The Rise of Wellness and Curiosity

The resurgence of wellness-based care signals a return to what makes practitioners truly exceptional—curiosity. Modern physicians and clinicians driving this movement echo the qualities of their predecessors from earlier eras. They question, investigate, and innovate, refusing to settle for passive consumption of conventional wisdom. They are independent thinkers, consistently pushing boundaries to improve outcomes for their patients, often despite resistance from regulators, payers, and liability concerns.

These thought leaders embody the virtues once seen in primary care physicians who fearlessly adapted to deliver comprehensive care for their communities. And they are thriving. If anything, the shortcomings of traditional healthcare models serve as a catalyst, solidifying wellness approaches as permanent pillars within the modern healthcare ecosystem.

A Perfect Storm or a New Beginning?

The emergence of wellness as a burgeoning sector underscores the systemic challenges facing healthcare today. Shrinking insurance coverage, growing consumer financial responsibility, and an apparent divide between treating illness and promoting vitality have all contributed to this shift. For many patients, functional medicine offers something traditional healthcare cannot—a proactive, attentive approach to their individual well-being.

Curiosity-driven medicine bridges the gap between the reactive healthcare system and the proactive pursuit of wellness. As long as the shortcomings of the healthcare industry persist, the growth of wellness-focused care will likely remain firmly rooted in public demand.

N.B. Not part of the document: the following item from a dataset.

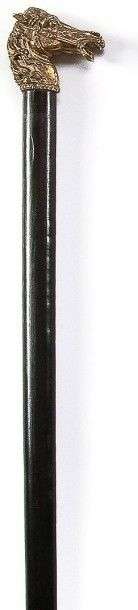 Canne à poignée équerre en bronze doré représentant en ronde bosse une tête de cheval, fût de section elliptique en bois verni noir, férule en laiton.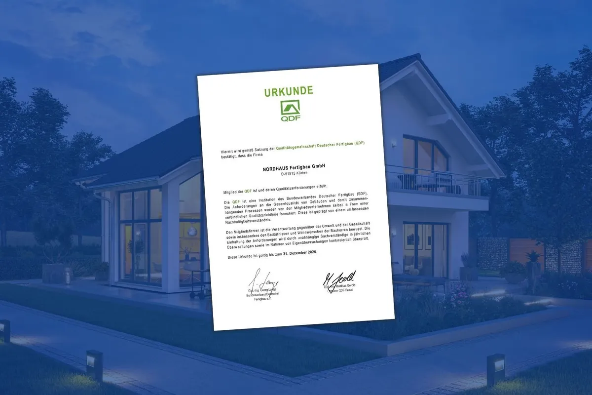 Wir freuen uns, dass wir auch für das Jahr 2026 erneut die QDF-Zertifizierung erhalten haben. Diese Auszeichnung bestätigt: NORDHAUS erfüllt die hohen Standards des Bundesverbandes Deutscher Fertigbau (BDF) und das seit vielen Jahren zuverlässig.

The question is no longer whether functional medicine has a place; it’s clear that it does. The real question lies in how healthcare as a whole can evolve to better serve both sides of this growing divide—and what lessons can be drawn from the success of functional and personalized medicine as they continue to rise.

The future of healthcare may well depend on finding ways to merge the efficiency of traditional systems with the passion and curiosity driving today’s wellness movement. It’s a balance we can’t afford to ignore, and one that holds the key to a more holistic and effective system for generations to come.